I modified the network (by modify, I mean built in an additional option to the program) to subdivide each pixel into its R, G and B component, and fed that to the neural network like so:

network_diagram_color

This means that I now had 3,600 x 3 = 10,800 inputs to the neural network. A bit of a combinatorial explosion in the number of network connections, but heck, memory and computing power is cheap these days.

Some Experiments

I ran quite a number of experiments on the raccoon data with more control on how testing and training data sets were built, both to re-affirm my original results (which hold, ~70% accuracy is right on the button), and to try out a few different options, which included color information. I’ll explain the different options in a moment, but first, here are some results.  Note, these results are after training the network over 1,500 iterations to convergence, and then performing a 10-fold cross validation.

Precision

Precision (also known as the positive predictive value) is a measurement of how well the machine learning algorithm is doing when it labels something as a positive example. You basically look at all of the things that the classifier labels as a raccoon, and see how many of them are actually raccoons. High precision is good – it means the algorithm is accurately identifying positive examples.

color-raccoons-precision

In the case of the Baseline, you can see that it does fairly well – roughly 70% of the things it labelled a raccoon were actually raccoons. This is good. Notice however, that the Hyperbolic did better (more on that in a bit). Notice too that the precision with Color information was significantly lower.

Recall

Recall (also known as sensitivity) measures how well the algorithm is remembering the actual examples it was given (I always think of the movie Total Recall – the original 90’s version with the Governator). Put another way, recall asks: of all of things that were actually raccoons, how many did it properly identify? As an example, if there are 10 raccoons in the data set, and the algorithm correctly identifies 6 raccoons, then the recall is 60% (total recall would be identifying all 10 raccoons).

color-raccoons-recall

As we can see, the Baseline recall is roughly 70%, with the Hyperbolic performing equally. Again, it took a hit with Color, but this time, the Hyperbolic Color does better. Notice the variance between the different options (the black lines that indicate a range). Both Color and Hyperbolic Color have quite significant variances. This means that those models are fairly fragile.

F1 Measure

The F1 measure is a way of combining both the Precision and Recall of a model into a single measurement (also known as a harmonic mean). Why? Well, sometimes it’s nice to be able to judge performance based on a single feature, rather than comparing the features separately. In a previous post, I used the F1 measure and accuracy to mean the same thing.

color-raccoons-f1

As you can see here, the Hyperbolic wins the race for overall performance.
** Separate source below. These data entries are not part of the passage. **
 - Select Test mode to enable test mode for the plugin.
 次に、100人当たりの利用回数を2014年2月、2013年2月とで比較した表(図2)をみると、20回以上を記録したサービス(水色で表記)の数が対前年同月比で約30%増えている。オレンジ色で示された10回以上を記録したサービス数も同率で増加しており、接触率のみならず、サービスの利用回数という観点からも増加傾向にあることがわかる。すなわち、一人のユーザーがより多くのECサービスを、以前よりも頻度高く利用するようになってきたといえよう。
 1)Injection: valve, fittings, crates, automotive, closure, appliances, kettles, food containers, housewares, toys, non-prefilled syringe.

Let’s talk about what is happening here.

The Hyperbolic Tangent

In a previous post, I talked about how neural networks work. One of the key features is the activation function for the network. When a signal is passed from one end of the network to the other, it must pass through several layers in the network. The signal must be a certain “strength” before it is passed on. The thing that measures the strength and “decides” whether to pass on a new signal is the activation function.

The Hyperbolic Tangent is an activation function with a slightly different profile than the one I was using in the Baseline model. The Baseline model uses the Sigmoid as an activation function. Here is a plot of how the two functions stack up with some values between -10 and 10:

sigmoid_tanh

As you can see, the Hyperbolic Tangent maps values between -1 and 1, and is triggered slightly differently than the Sigmoid.
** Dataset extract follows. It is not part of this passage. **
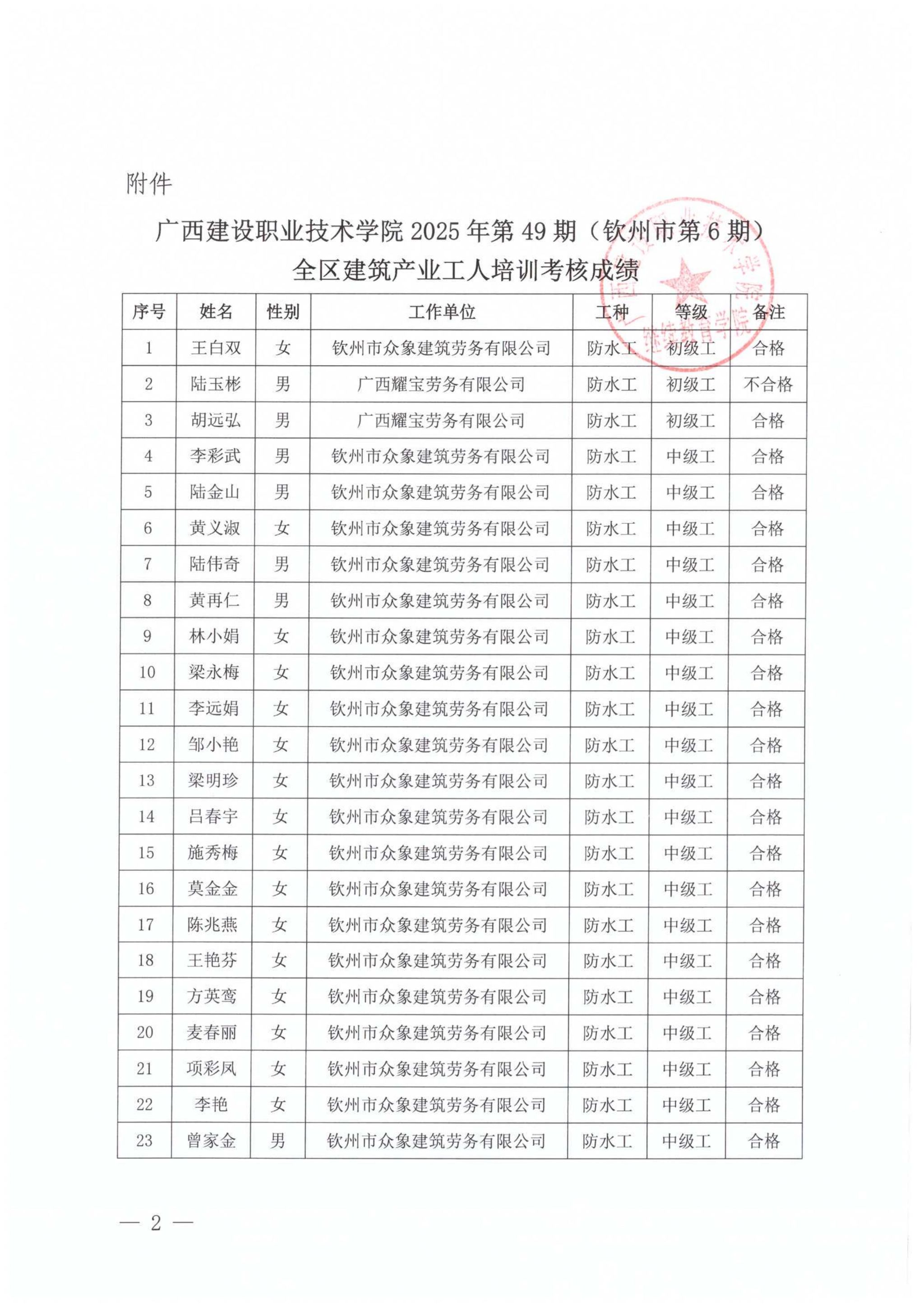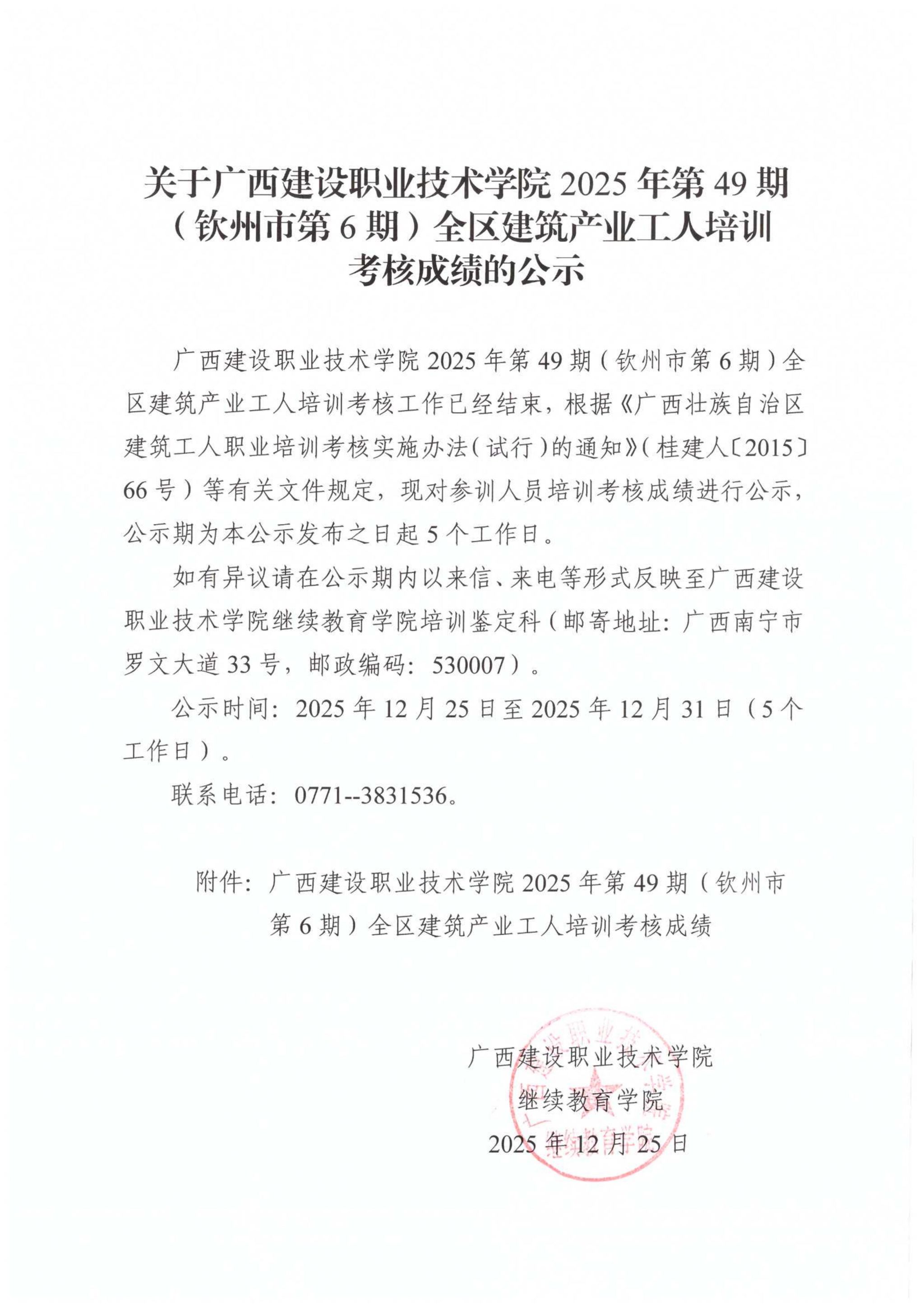 培训信息 当前位置: 首页 >> 培训信息 >> 正文 关于乐鱼全球最大体育平台_乐鱼(中国)2025年第49期(钦州市第6期)全区乐鱼全球最大体育平台_乐鱼(中国)产业工人培训考核成绩的公示 发布日期:2025-12-25 点击: 附件【关于乐鱼全球最大体育平台_乐鱼(中国)2025年第49期(钦州市第6期)全区乐鱼全球最大体育平台_乐鱼(中国)产业工人培训考核成绩的公示.pdf】已下载次

Long story short, recall for both the Hyperbolic Tangent and Sigmoid models were basically identical. The difference was with precision. Basically, the Hyperbolic Tangent resulted in a model that was more precise than the Sigmoid model, which is why the F1 measure is slightly better (because it is a combination of both precision and recall). Note that both the Baseline and Hyperbolic models were produced using grayscale images. So, what is going on with color?

Color Made Things Worse

Yup. That’s right. Performance tanked with color information (okay, it’s not abysmal, but it is considerably worse than my original run with grayscale images). At first I thought I had an error somewhere in my code. But looking at the data more, as well as false positives and false negatives, I started to hypothesize that the way I was using color information was probably hurting me very badly. The reason – I think – is due to the fact that I’m losing shape information when I separate out each color band.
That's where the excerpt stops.